Aysever’in komünistler iktidara geldiğinde insanların meskenlerini otomobillerini ellerinden telaffuzunu Okuyan’a sordu ve TKP Genel Sekreteri bu soruya şöyle cevap verdi:
“İnsanların rastgele bir varlığı yok, beşerler fakir. Biz insanların meskeni otomobiliyle niçin uğraşalım? Bakın üç gündür manda yoğurdu konuşuluyor. Burada bir ahlaki sorun var. Türkiye’de bugünkü nizamın kaymağını yiyen zenginler manda yoğurduyla tabir edilemez. Biz bütün insanların hiçbir bedel ödemeksizin konutu olacağını söylüyoruz, komünizm bu. Bu şirketlerin hepsine el konulacak. Akarsulara, madenlere [zenginler] her şeye el koyacaklar sonra ‘komünistler mülkiyet düşmanı’ diyecekler. Biz o mülkiyete karşıyız. Borçsuz, para sıkıntısı olmayan bir hayat mümkün mü? Mümkün. Temel muhtaçlıklar karşılandıktan sonra elindeki para senin olacak. Sermaye sınıfının üzerine çöktüğü zenginlik manda yoğurdu sıkıntısı değil, her şeye çökmüş durumdalar, madenlere, elektriğe… Bu sınıfın egemenliği sona erdiği vakit tüm insanların refah içinde yaşayabileceği, eşitlikçi bir tertip getireceğiz. Biz niçin insanların konutlarına çökelim?”

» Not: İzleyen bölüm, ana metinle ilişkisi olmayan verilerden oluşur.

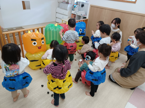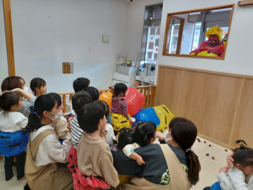 豆まきをしました⭐️ 今日は節分なので 保育園でも豆まきをしました。 泣き虫鬼、おこりんぼ鬼、 いたずら鬼、ニコニコ鬼に向かって 『鬼は外ー!福は内ー!』と言いながら 豆を投げました。 そこへ鬼が登場!! みんな初めはびっくりしてお部屋の後ろに 隠れたり先生のところに行っていましたが 鬼に向かって豆を投げていました❗ みんなの力で鬼を追い払うことが できました😊 2026年02月03日 02:13 スタッフ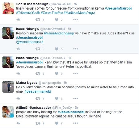 Kenyans took advantage of the opportunity on Twitter by using the hashtag #JesusInNairobi to share their excitement.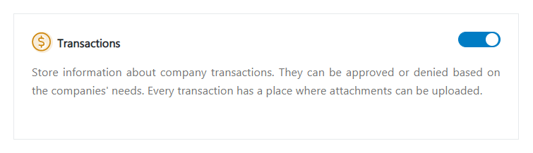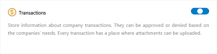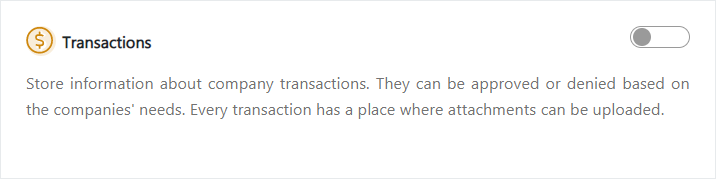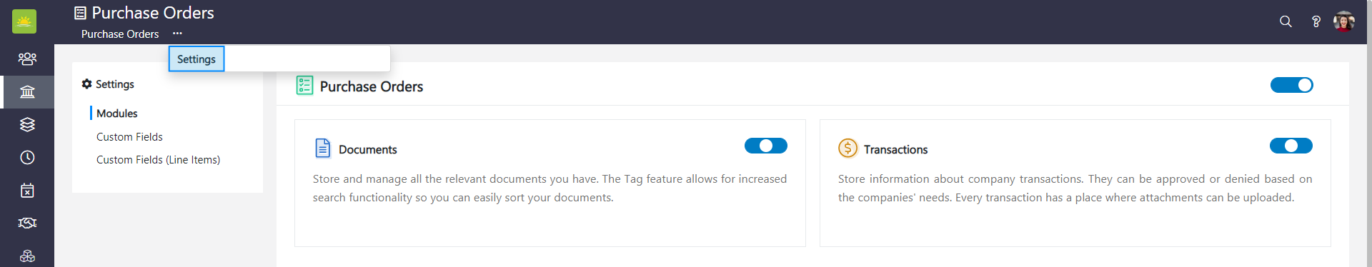 Click the toggle to activate each module individually. This means that users are allowed to activate or deactivate modules of a specific purchase order by themselves. Click the link to find out how to customize and configure the settings of a purchase order.

‘Tarikatlar kapatılacak, dağıtılacak’
Komünistler hakkında dinle ilgili söylenenlere de açıklık getiren Okuyan bu bahse da şöyle karşılık verdi:
“Komünistler en gelişkin ahlâkı savunanlardır, insanın insanı sömürmemesini, eşitliği savunanlardır bu bir. İkincisi; her çeşitten inanç ve ibadet özgürlüğü temel insan hakkı, temel insan haklarına dokunulamaz. Bunu tatlı gözükmek için söylemiyorum. Mescitleri niçin kapatalım? Ancak her tarafa cami dikilmesini bunun bir çaba konusu haline getirilmesiyle tabi ki uğraş edeceğiz. Bu partinin ağzından insanların dinî inancına hitap eden hiçbir şey çıkmaz. Bunu ayıp kabul ederiz, bizim partimizde inançlı beşerler da var inanmayan beşerler da. Partimizde çok fazla başörtülü, türbanlı üye var. En çok da bizim partimizde rahatlar. Zira kimse ne el üstünde tutuyor kıyafetleri yüzünden ne de eleştiriyor. İlgilenmiyoruz, kimse ilgilenmiyor. Lakin dediğim üzere Türkiye’de laiklik ayaklar altına alındı, tarikatlar var o var bu var. Biz kimi mevzularda dik durmak zorundayız. Tarikatlar kapatılacak, dağıtılacak. Tarikat yurtları kapatılmadan laiklik de olmaz. ‘Yok onlar sivil toplum örgütleriymiş’ hayır! Temel çizgilerimiz var, laiklik. Siyasetçiler din ismine ya da dinî referanslarla konuşamaz.”